In technical writing, comparisons can be very important. Short comparisons to similar or familiar things can help readers understand a topic better; comparisons can also help in the decision process of choosing one option out of a group. An extended comparison, which is the focus in this chapter, is one or more paragraphs whose main purpose and structure is comparison. One type of comparison the analogy, which is a special type of extended comparison of an unfamiliar thing to a familiar thing.
Extended comparisons can be informative or evaluative. An informative comparison seeks to compare the topic to something similar or familiar to help people understand the topic or, in some cases, to help people understand both better. An evaluative comparison seeks to recommend one or more of the options by comparing them. This is the focus of the types of reports discussed in the section on recommendation reports, feasibility reports, evaluative reports.
Note: Be sure and check out the examples of comparison.

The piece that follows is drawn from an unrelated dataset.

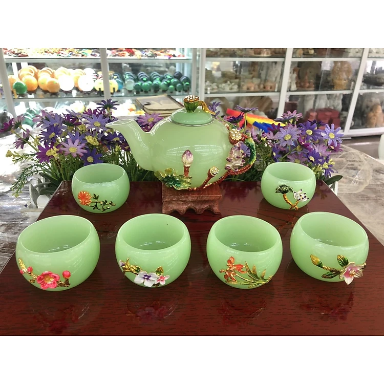 Bộ ấm trà chạm hoa sen đá ngọc cẩm thạch xanh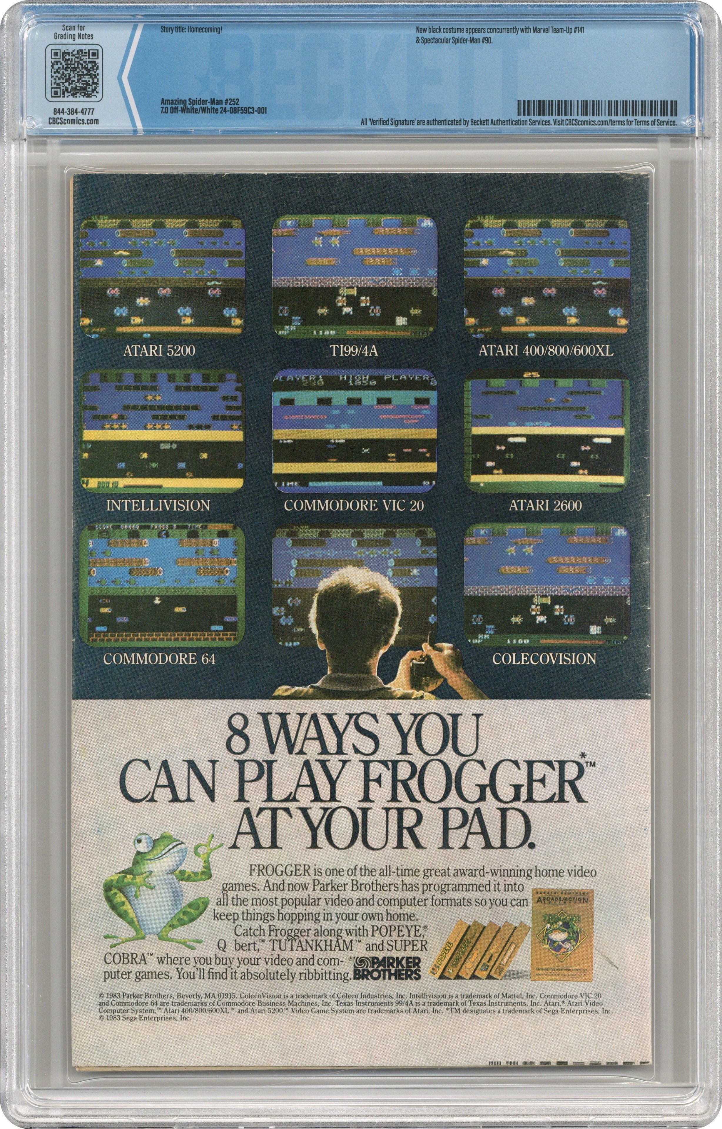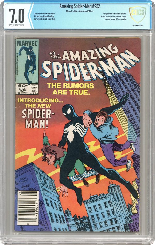 Ended Jun 22 2024 Winning Bid $115 Newsstand Edition. First appearance of Spider-Man's new black (alien symbiote) costume in "Homecoming!" Plot by Roger Stern. Script by Tom DeFalco. Pencils by Ron Frenz (breakdowns) and Brett Breeding (finishes). Cover by Ron Frenz and Klaus Janson. One of the landmark issues of the Amazing Spider-Man! With a brilliant flash of light in Central Park, the wondrous wall-crawler is back! And he looks a whole lot different! Wow, a new costume! What happened during the Secret Wars on the Beyonder's world? The ominous truth will be revealed to both the readers and the web-slinger in the days and weeks ahead! Cameo appearances by the Black Cat, Dr. Curt Connors, J. Jonah Jameson, Joe Robertson , Aunt May, Captain America, Captain Marvel, Hawkeye, Iron Man, Thor, and the Wasp. (Notes: Marvel Age 12 contained sketches of the new costume two months prior to the publication of this issue. Spidey's new costume was also unveiled in Marvel Team-Up 141 and Spectacular Spider-Man 90. The first issue of the (1984) Marvel Super Heroes Secret Wars Limited Series was published the same month as Amazing Spider-Man 252. The web-slinger discovers his new costume in issue 8 of the limited series. The Frenz-Janson cover is a tribute to the iconic cover of Amazing Fantasy 15. This story was reprinted in Marvel Tales 266. The letters page contains a statement of ownership: average print run 470,527; average paid circulation: 241,762. 36 pgs. Cover price $0.60. Grade: CBCS 7.0 explanation of grade Condition: Used (collectible)

How to Identify Points of Comparison
When you write an extended comparison, you must start by identifying the specific ways in which you are going to compare the things you plan to write about. These points of comparison are like categories of comparative detail. For example, in an evaluative comparison of smart phones, you'd probably want to compare the best four or five machines according to the following:
- cost
- ease of use
- reliability
- special features, and so on
If you don't start by identifying the points of comparison, your comparison can become uneven—for example, you might say that model 1 is easy to use but not say anything about the the ease of use of models 2, 3, or 4.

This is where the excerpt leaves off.